After I shared my last post, I decided to take a brief break to let myself regroup a bit and try to find my happy. Plus, to be honest I was feeling a little uneasy about shaking those feelings.
Since I’m a planner by nature, I decided to create a plan to pull myself out of the abyss and not fall back down. The biggest part of this plan was finally starting my new workout plan not only to work on my self image issues, but also because releasing endorphins are good for depression. I’ve done pretty good about sticking to workout schedule, but I’ve missed a few days.
I’ve also carved out weekly writing time and stuck to it, which means my dissertation chair received an updated prospectus in her inbox recently. It also means that I will be scheduling my prospectus defense for the very near future. Eeekk…
I’ve gotten out of the house a few times sans Mr. S and Sesame, which has really helped me clear my head. Summer break will be here soon, so I’ll have more “me time” in the near future. I’m learning that this is really important for me partly because I’m an introvert, but also because taking care of people makes me happy and it’s so easy to get lost in mom/wife life and forget about my own needs.
My work schedule is still a bit hectic, but I’ve gotten into a better groove (ie sticking to my weekly plan more). The semester is winding down at the brick and mortar university, so I’ll have a bit more evening work time.

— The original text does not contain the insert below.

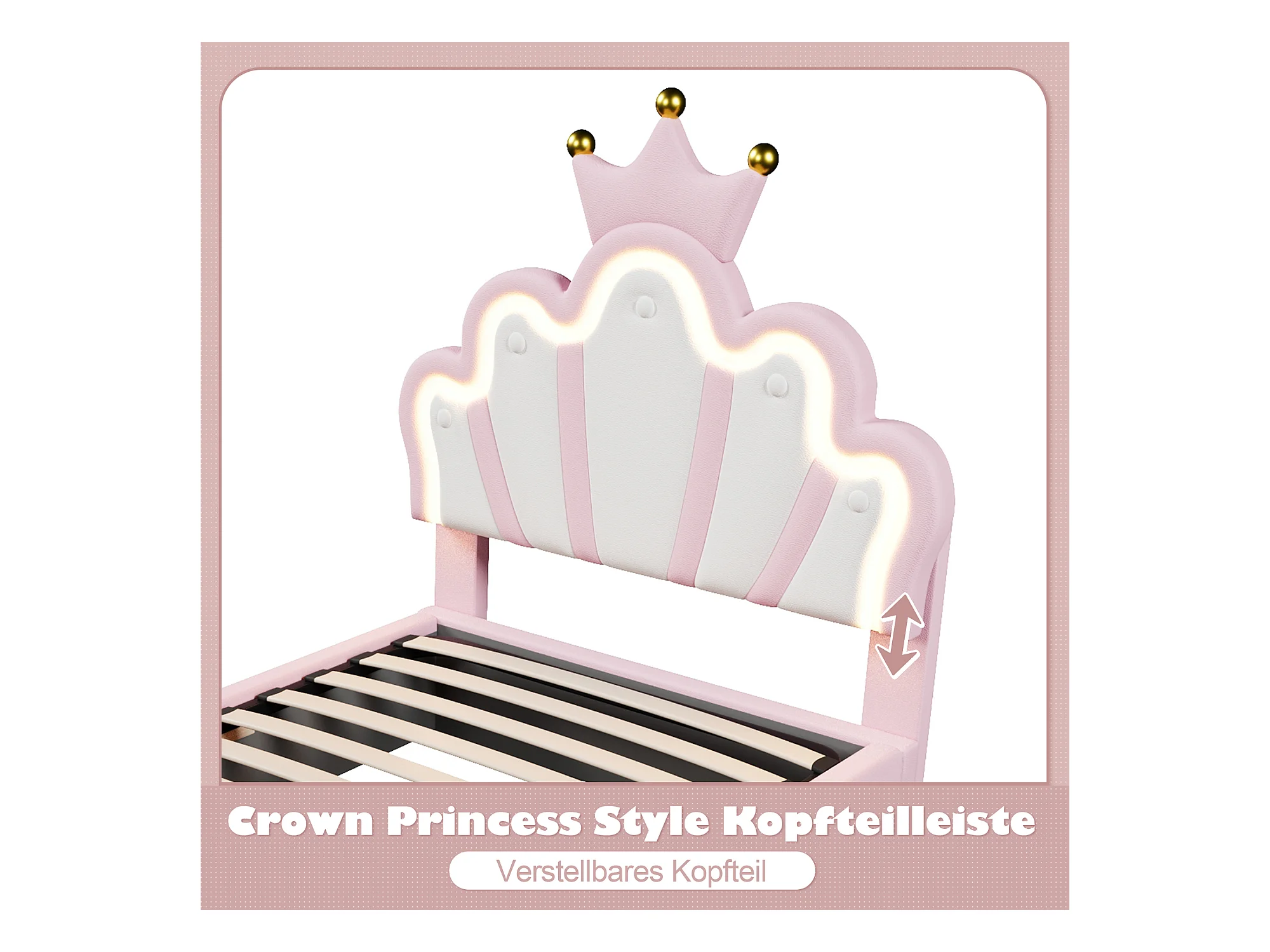 Letto imbottito, 90 x 200 cm, con striscia LED, meccanismo idraulico, testiera regolabile, design a corona, PU, rosa (204,5x91,5x133 cm)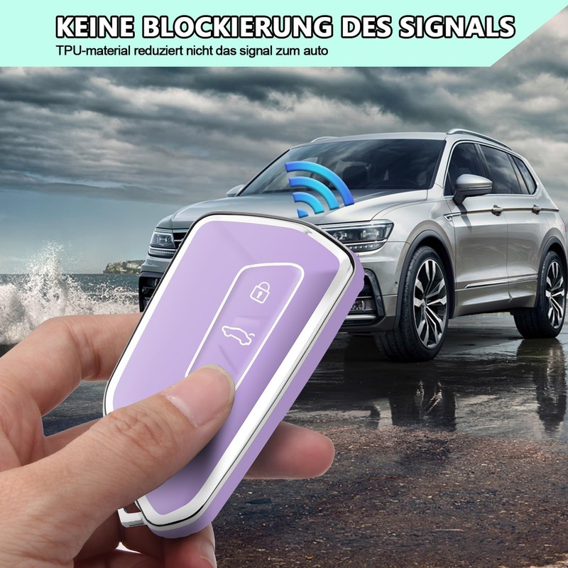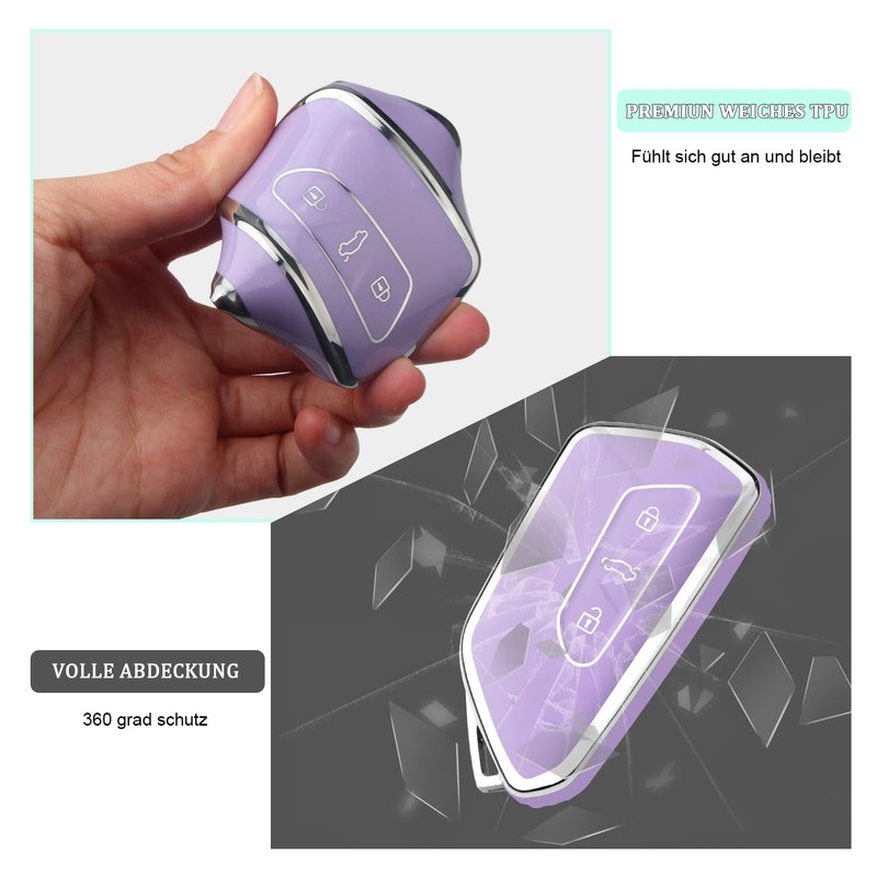 FT FUNTOR FT FUNTOR Autoschlssel Hlle fr VW,3 Tasten TPU fr Golf 8 Schlsselhlle,Kompatibel mit VW Golf 8 ID.3 ID.4 Seat Leon Seat Tarraco Seat Ateca Formentor mit Silbernem Rand (B-Lila)

In the coming weeks and months, I plan to institute the following into my personal self-care:
- Mani/Pedi days–either at the salon or home
- Quiet journaling time
- Researching therapists in the area
- Working out 5 days a week
- Social media blackout day
- Treating myself to a hot stone massage once my prospectus defense takes place
I’m hoping these things will help me remove the mask, at least most of the time.
Even though I was very nervous about sharing that post, I’m glad I did because it forced me to take a good hard look at how I treat myself. I’m always putting what I need emotionally/mentally on the back burner and I have to stop doing that or I’m going to be no good to anyone. Thank you to everyone who commented or sent me a private message. It really helped me feel less alone.